Just remember that the things you put into your head are there forever, he said. You might want to think about that.
You forget some things, don't you?
Yes. You forget what you want to remember and you remember what you want to forget.
Cormac McCarthy, The Road
"To live a creative life we must lose our fear of being wrong." Joseph Chilton Pearce

"If you press me to tell why I loved him, I feel that this cannot be expressed,
except by answering: Because it was he, because it was I."
Michel de Montaigne, "Of Friendship"

Friday, March 26, 2010

Puppy

... Josh had said, such nostalgia in his voice, "Mom, remember when Goochie was a puppy?" Which was when Abbie had burst into tears, because, being only five, she had no memory of Goochie as a puppy. --From George Saunders' "Puppy"

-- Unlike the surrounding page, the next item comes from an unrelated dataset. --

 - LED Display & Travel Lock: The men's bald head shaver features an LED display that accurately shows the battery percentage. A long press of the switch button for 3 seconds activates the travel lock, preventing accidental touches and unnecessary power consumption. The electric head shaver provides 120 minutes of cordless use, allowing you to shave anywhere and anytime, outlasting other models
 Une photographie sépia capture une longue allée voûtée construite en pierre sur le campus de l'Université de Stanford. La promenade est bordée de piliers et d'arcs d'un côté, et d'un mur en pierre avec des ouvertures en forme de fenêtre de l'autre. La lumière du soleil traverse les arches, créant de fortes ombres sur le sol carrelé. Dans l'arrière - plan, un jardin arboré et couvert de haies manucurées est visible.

After the first page, I was at a loss of knowing what was happening. I was reading every word, knew what each word meant, but when those words are sprawled with narration--with all-over-the-place, hilarious narration with "ha ha ha" and "ho HO"s--I had no idea what they became. So I don't know why I didn't stop reading. I don't know why I kept turning the pages. Perhaps it was because once in a while I would come to a part where I understood wholeheartedly what it all meant, like the passage above. Or below.

Marie stepped to the window and, anthropologically pulling the blind aside, was shocked, so shocked that she dropped the blind and shook her head, as if trying to wake herself, shocked to see a young boy, just a few years younger than Josh, harnessed and chained to a tree, via some sort of doohickey by which--she pulled the blind back again, sure she could not have seen what she thought she had--(Saunders, 265)

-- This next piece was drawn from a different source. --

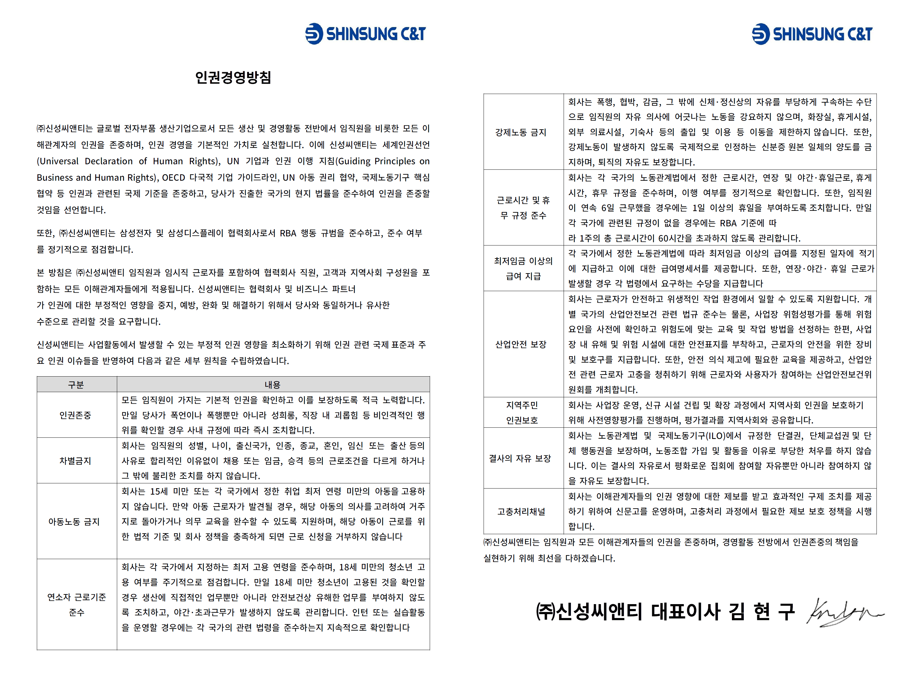 신성씨앤티는 모든 생산 및 경영활동 전반에서 임직원을 비롯한 모든 이해관계자의 인권을 존중하며, 인권경영을 실천하기 위해 노력하고 있습니다.

So much childish suspense. Like I just dropped the blind.

Thursday, March 25, 2010

Awake

A beautiful and blinding morning
The world outside begins to breathe
See clouds arriving without warning
I need you here to shelter me

And I know that only time will tell us how
To carry on without each other

So keep me awake to memorize you
--From Josh Groban's "Awake"

I had this as my wake-up song last year. Never got tired of it. Especially when you get to hear your favorite singer's voice every morning! 

Monday, March 22, 2010

At the Art Institute

The man looks infinitely old, almost to death. Only his hands seem alive in flesh, his hands that once held pen and book before he was blind.

I did not intend to see Henry Fuseli’s “Milton Dictating to His Daughter.” I only intended to see Antonio Mancini’s “Resting.” Katherine wrote about it, alluded to it in her essay “Captive: A Love Story.” I always wished to see it. The painting looked as if Mancini himself was sick as he drew the sick woman in his picture. It was blurred, groggy. Her hair did not seem to be intact; it was as if it were matted by some thick wig.

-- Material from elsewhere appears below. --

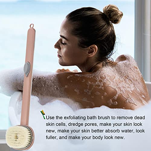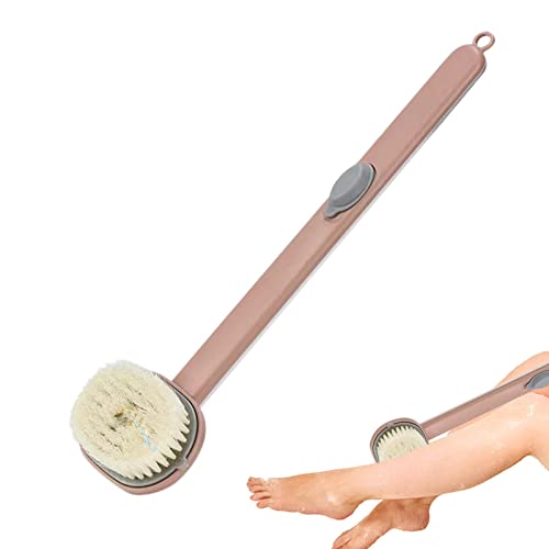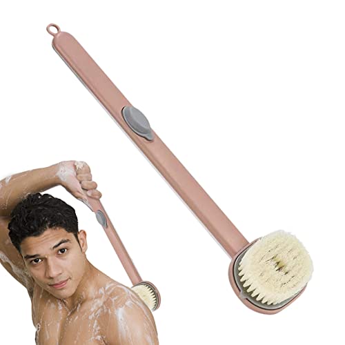 - √ تصميم جل الحمام للتخزين: يسمح لك المقبض الطويل لفرشاة الاستحمام الخلفية بصب جل الاستحمام في المقبض، والضغط على الزر والبدء في تنظيف بشرتك.

Anyway. I did not know Milton was blind. Became blind, at least. And in the painting he is carefully dictating “Paradise Lost” to his daughter, with lips slightly parted. I wish I could read his lips. 

Bel Canto

"When the lights went off the accompanist kissed her."

That's the first sentence of Ann Patchett's Bel Canto. She's a Ragdale alum. Ms. Hawkins was reading all the first sentences of alumni books and this one's my favorite. So later that summer I went to the bookstore and happened to spot the book right there, and right there I started reading. I don't judge books by its first page, or its first sentence for that matter, but I loved it so much I bought it. And then here is what happened. I kept the book on my shelf, unread, and then one day sent it to Katerina in Maryland. I don't gift books I've not finished reading, but I knew it would be good and I wanted her to read it so much I forwent reading it myself.